Basic Kafka Producer

Use Avro schemas with Kafka:

from confluent_kafka import avro
from confluent_kafka.avro import AvroProducer
import json


@manager.model("UserEvent", "1.0.0")
class UserEventV1(BaseModel):
    event_id: UUID
    user_id: str
    action: str
    timestamp: datetime


# Get Avro schema
schema = manager.get_avro_schema("UserEvent", "1.0.0", namespace="com.events")
value_schema = avro.loads(json.dumps(schema))

# Create producer
producer = AvroProducer({
    "bootstrap.servers": "localhost:9092",
    "schema.registry.url": "http://localhost:8081"
}, default_value_schema=value_schema)

# Send event
event = UserEventV1(
    event_id=uuid4(),
    user_id="user123",
    action="login",
    timestamp=datetime.now()
)

producer.produce(
    topic="user-events",
    value={
        "event_id": str(event.event_id),
        "user_id": event.user_id,
        "action": event.action,
        "timestamp": int(event.timestamp.timestamp() * 1_000_000)
    }
)
producer.flush()

Kafka Schema Registry

Register schemas with Confluent Schema Registry:

from confluent_kafka.schema_registry import SchemaRegistryClient, Schema


# Export schemas to files
manager.dump_avro_schemas("schemas/avro/", namespace="com.events")

# Register with Schema Registry
client = SchemaRegistryClient({"url": "http://localhost:8081"})

with open("schemas/avro/UserEvent_v1_0_0.avsc") as f:
    schema_str = f.read()
    schema = Schema(schema_str, schema_type="AVRO")
    client.register_schema(
        subject_name="user-events-value",
        schema=schema
    )

Schema Evolution in Kafka

Manage schema evolution with proper compatibility:

# Version 1: Original event
@manager.model("UserEvent", "1.0.0")
class UserEventV1(BaseModel):
    event_id: UUID
    user_id: str
    action: str


# Version 2: Add optional fields (backward compatible)
@manager.model("UserEvent", "2.0.0")
class UserEventV2(BaseModel):
    event_id: UUID
    user_id: str
    action: str
    metadata: dict[str, str] | None = None  # Optional - backward compatible
    timestamp: datetime | None = None       # Optional - backward compatible


# Register both versions
v1_schema = manager.get_avro_schema("UserEvent", "1.0.0", namespace="com.events")
v2_schema = manager.get_avro_schema("UserEvent", "2.0.0", namespace="com.events")

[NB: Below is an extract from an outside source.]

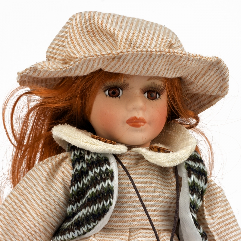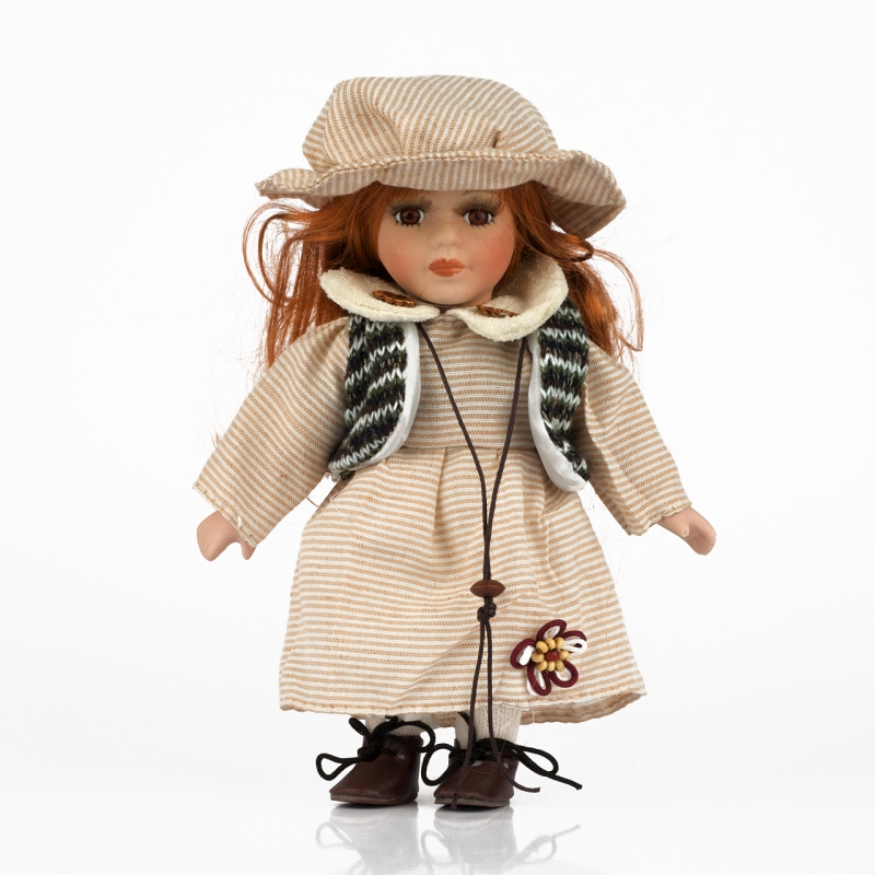 Porcelánová panenka v béžových šatičkách 20cm. Hlavička, ručičky a nožičky jsou vyrobeny z porcelánu. Velice krásný a působivý dekorativní doplněk.

# V2 is backward compatible - old consumers can read new messages
# V2 is forward compatible - new consumers can read old messages (with defaults)

fastavro Integration

Use schemas with the popular fastavro library:

import fastavro
import io


@manager.model("Order", "1.0.0")
class OrderV1(BaseModel):
    order_id: str
    customer_name: str
    total: float
    items: list[str]


# Get Avro schema
schema = manager.get_avro_schema("Order", "1.0.0", namespace="com.orders")
parsed_schema = fastavro.parse_schema(schema)

# Write data
orders = [
    {
        "order_id": "O001",
        "customer_name": "Alice",
        "total": 99.99,
        "items": ["item1", "item2"]
    },
    {
        "order_id": "O002",
        "customer_name": "Bob",
        "total": 149.99,
        "items": ["item3"]
    }
]

output = io.BytesIO()
fastavro.writer(output, parsed_schema, orders)

# Read data back
output.seek(0)
for order in fastavro.reader(output):
    print(f"Order {order['order_id']}: ${order['total']}")

Schema Evolution Best Practices

Backward Compatible Changes

Add optional fields with defaults:

# Version 1
@manager.model("Product", "1.0.0")
class ProductV1(BaseModel):
    id: str
    name: str
    price: float


# Version 2: Add optional fields
@manager.model("Product", "2.0.0")
class ProductV2(BaseModel):
    id: str
    name: str
    price: float
    description: str | None = None  # Backward compatible
    category: str | None = None     # Backward compatible
    in_stock: bool = True           # Has default

Old consumers can read new data (ignore new fields).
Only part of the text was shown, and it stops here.